In Vitro Models for Drug Development in Diabetes
Johnna Wesley, Vice President, Global Drug Discovery for T1D & CKD, Novo Nordisk
Matthias von Herrath, Vice President and Senior Medical Officer, Novo Nordisk, Professor, La Jolla Institute, United States of America

The presentation will discuss improving disease model systems and using human data to guide the in vitro assay development to aid drug development. This includes a discussion of 3D islet-immune model and relevance to human Type 1 diabetes.

Spatial Multi-Omics Sequencing via Microfluidic Deterministic Barcoding in Tissue
Rong Fan, Harold Hodgkinson Professor of Biomedical Engineering, Yale University, United States of America

Despite latest breakthroughs in single-cell sequencing that revealed cellular heterogeneity, differentiation, and interactions at an unprecedented level, the study of multicellular systems needs to be conducted in the native tissue context defined by spatially resolved molecular profiles to better understand the role of spatial heterogeneity in biological, physiological, and pathological processes. In this talk, I will begin with discussing the emergence of a whole new field – “spatial omics”, and then focus mainly on a new technology platform called microfluidic Deterministic Barcoding in Tissue (DBiT) for spatial omics sequencing developed in our laboratory over the past years. We conceived the concept of “spatial multi-omics” and demonstrated it for the first time by co-mapping whole transcriptome and proteome (~300 proteins) pixel-by-pixel directly on a fixed tissue slide in a way compatible with clinical tissue specimens including FFPE. It has been applied to the study of developing mouse brain, human brain, and human lymphoid tissues associated with normal physiology, disease, or aging. Recently, our research enabled another new field – “spatial epigenomics” – by developing multiple DBiT-based spatial sequencing technologies for mapping chromatin accessibility (spatial-ATAC-seq), histone modification (spatial-CUT&Tag), or further combined with transcriptome or proteins for spatial co-profiling. These new technologies allow us to visualize gene expression regulation mechanisms pixel by pixel directly in mammalian tissues with a near single cell resolution. The rise of NGS-based spatial omics is poised to fuel the next wave of biomedical research revolution. Emerging opportunities and future perspectives will be discussed with regard to clinical biomarker discovery and therapeutic development.

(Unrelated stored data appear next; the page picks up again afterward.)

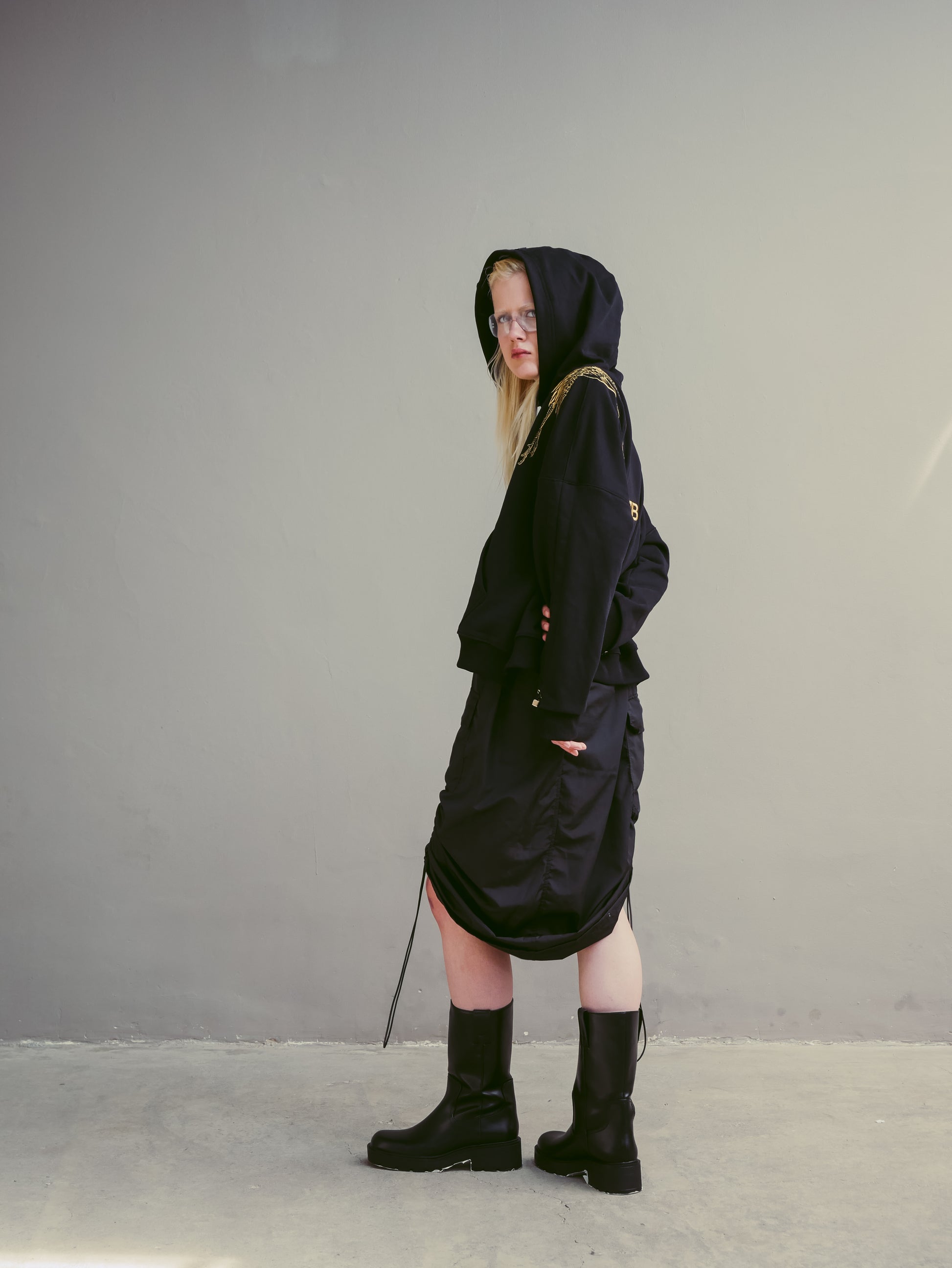 Hoodie Boxy Fit Negro - Bordado de Grulla en Dorado
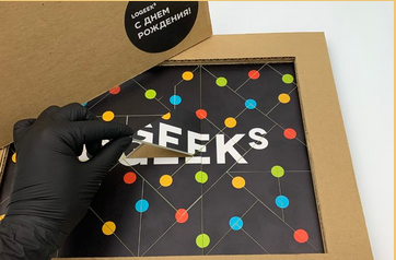 Стенд для компании «LOGEEKs». Выполнен из семислойного гофрокартона.
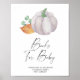 Invitation vos invités avec cette chute d'aquarelle congé, eucalyptus et citrouille blanc baby shower élégante invitation. Utilisez les outils de conception pour modifier le texte, modifier la couleur et le style de police pour créer un modèle unique d'invitation aimable. Éléments correspondants disponibles.
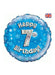 Blue age 7 holographic standard round foil balloon measuring 18" (45.7 cm) when inflated. Made in UK.
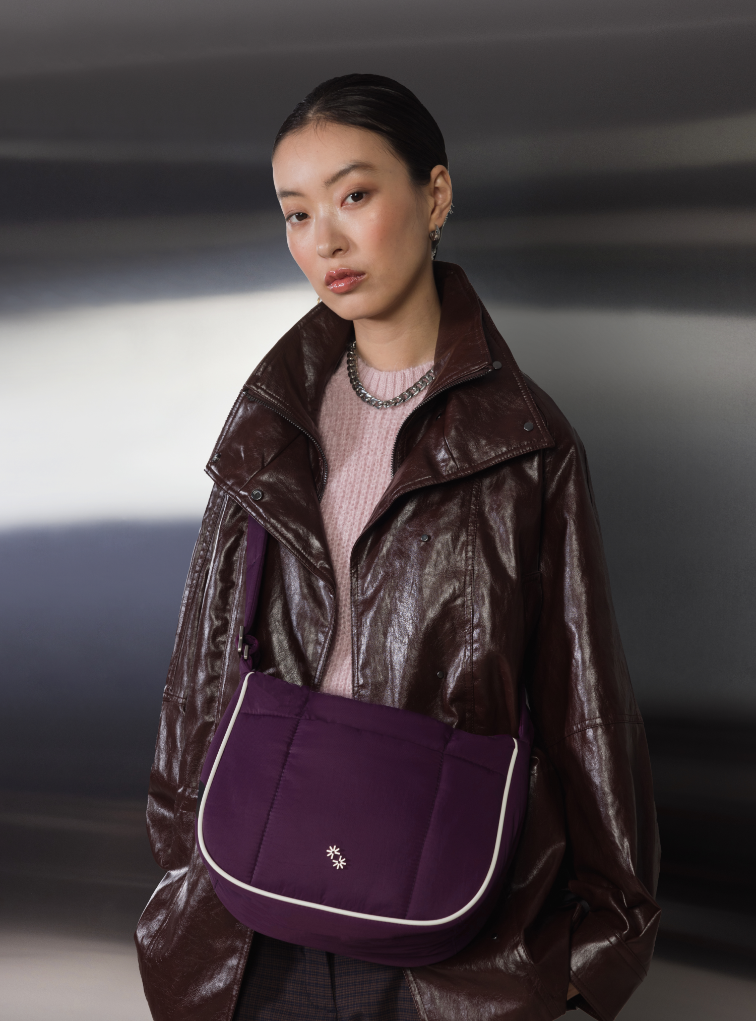 • Finished with a cream contrast matte vegan leather piping around the outer edge of the bag
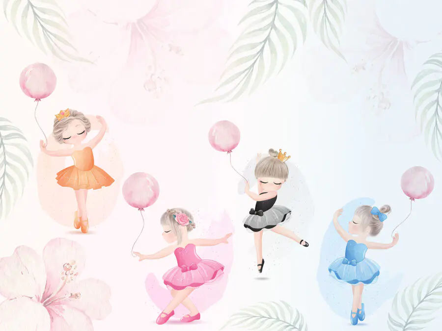 15.51 €9.30 €Fotobehang Roze en wit stadslandschap met roze ballonnen en vliegende vogels
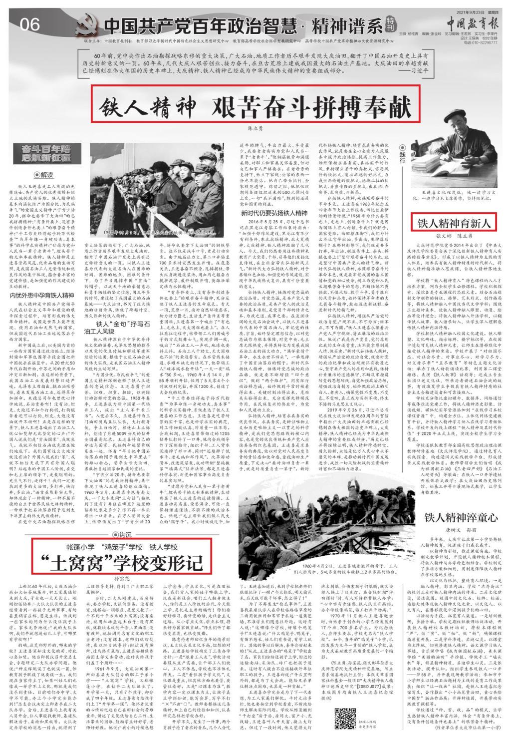 2021年9月23日,《中国教育报》第6版“中国共产党百年政治智慧•精神谱系”专题刊发中文字幕日韩精品有码视频-久久免费区一区二区三波多野-中文字幕人妻A片免费看-精品视频一区二区在线看-好男人在线社区WWW大庆精神研究基地铁人精神研究最新成果,并报道了我校弘扬践行铁人精神、培育时代新人的经验做法。本版文章系学校主持的国家社科基金一般项目“大庆精神铁人精神口述历史研究”[20BDJ077]阶段成果。
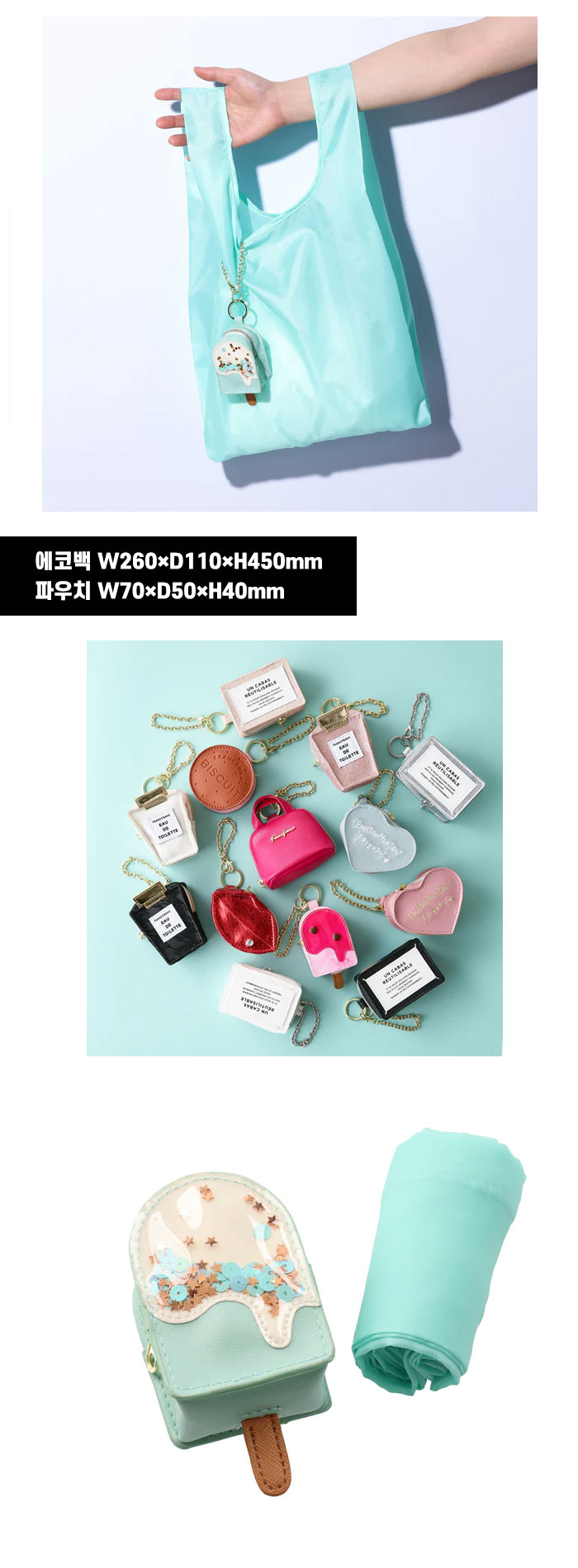 • Francfranc 프랑프랑 키홀더 접이식 에코백 (수납 참 포함)아이스크림 라이트민트
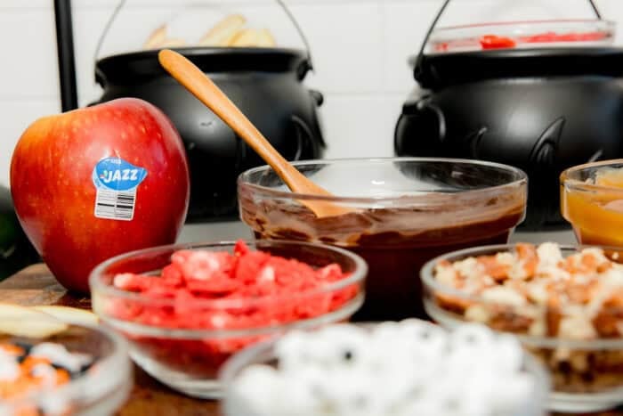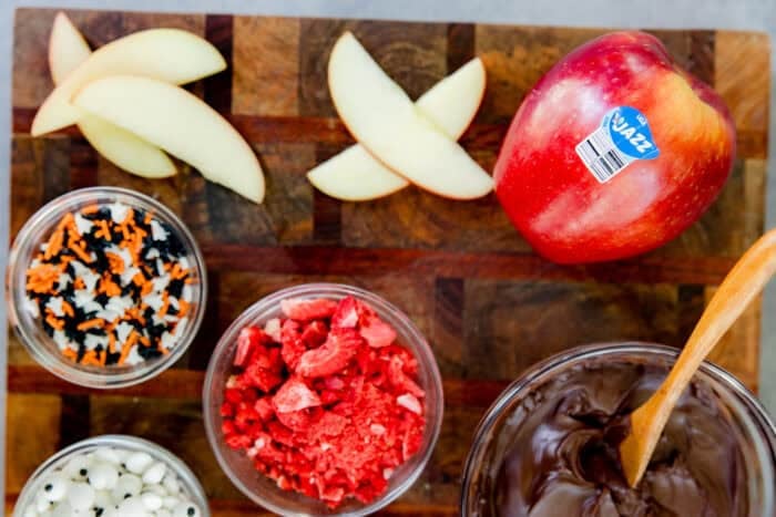 Set up your sliced apple bar with bowls or mini cauldrons of toppings for a festive vibe. We love balancing fun options (like candy eyes, sprinkles, crushed cookies, and mini M&Ms) with wholesome ones (like freeze-dried strawberries, chopped nuts, shredded coconut, and granola). For dips, offer melted red chocolate, dark chocolate, and warm caramel to cover both indulgence and balance.
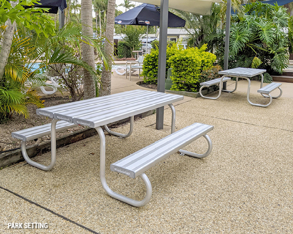 The quality, practicality, design and low maintenance of Felton’s seating made the outdoor furniture a big hit with guests and staff alike. Such success has led the Blue Dolphin Resort to become regular customers and advocates of Felton’s outdoor furniture range, with the resort now boasting 25 park settings and numerous bench seats.
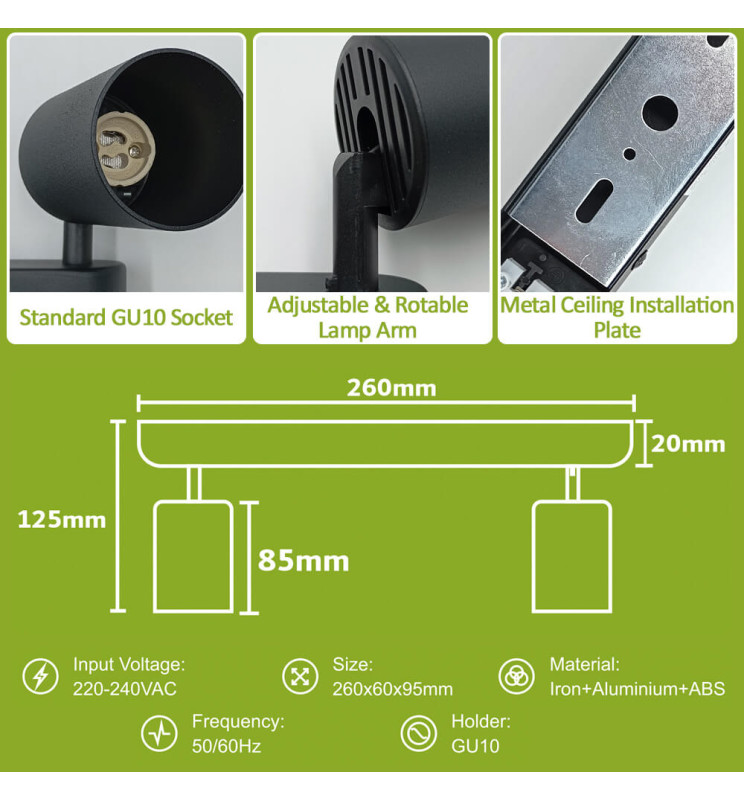 Φωτιστικό Οροφής for two GU10 Lamp Black
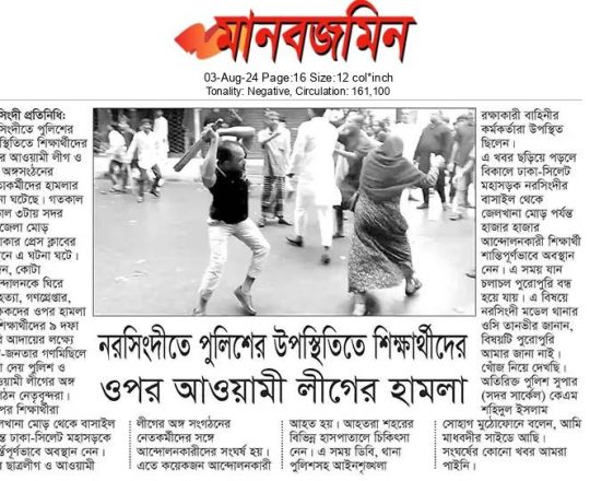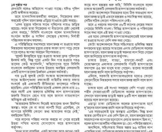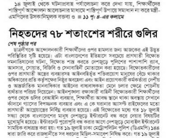 প্রথম আলো, ৩ আগস্ট ২০২৪, বিক্ষোভ দমনে যেভাবে 'রেডলাইন ক্রস' করা হয়েছে

Leaf Vein-Inspired Microfluidic Platform to Study Cancer Metastasis
Xin Zhao, Associate Professor, Department of Biomedical Engineering, The Hong Kong Polytechnic University, Hong Kong

Vascular network is a central component of organ-on-a-chip system to build a 3D physiological microenvironment with controlled physical and biochemical variables. Inspired by ubiquitous biological systems such as leaf venation and circulatory systems, a fabrication strategy is devised to develop a biomimetic vascular system integrated with freely designed chambers, which function as niches for chamber-specific vascularized organs. As a proof of concept, human-on-leaf-chip system with biomimetic multiscale vasculature systems connecting the self-assembled 3D vasculatures in chambers is fabricated, mimicking the in vivo complex architectures of the human cardiovascular system connecting vascularized organs. Besides, two types of vascularized organs are built independently within the two halves of the system to verify its feasibility for conducting comparative experiments for organ-specific metastasis study in a single chip. Successful culturing of human hepatoma G2 cells (HepG2s) and mesenchymal stem cells (MSCs) with human umbilical vein endothelial cells (HUVECs) shows good vasculature formation, and organ-specific metastasis is simulated through perfusion of pancreatic cancer cells and shows distinct cancer encapsulation by MSCs, which is absent in HepG2s. Given good culture efficacy, study design flexibility, and ease of modification, these results show that the bioinspired human-on-leaf chip possesses great potential in comparative and metastasis studies while retaining organ-to-organ crosstalk.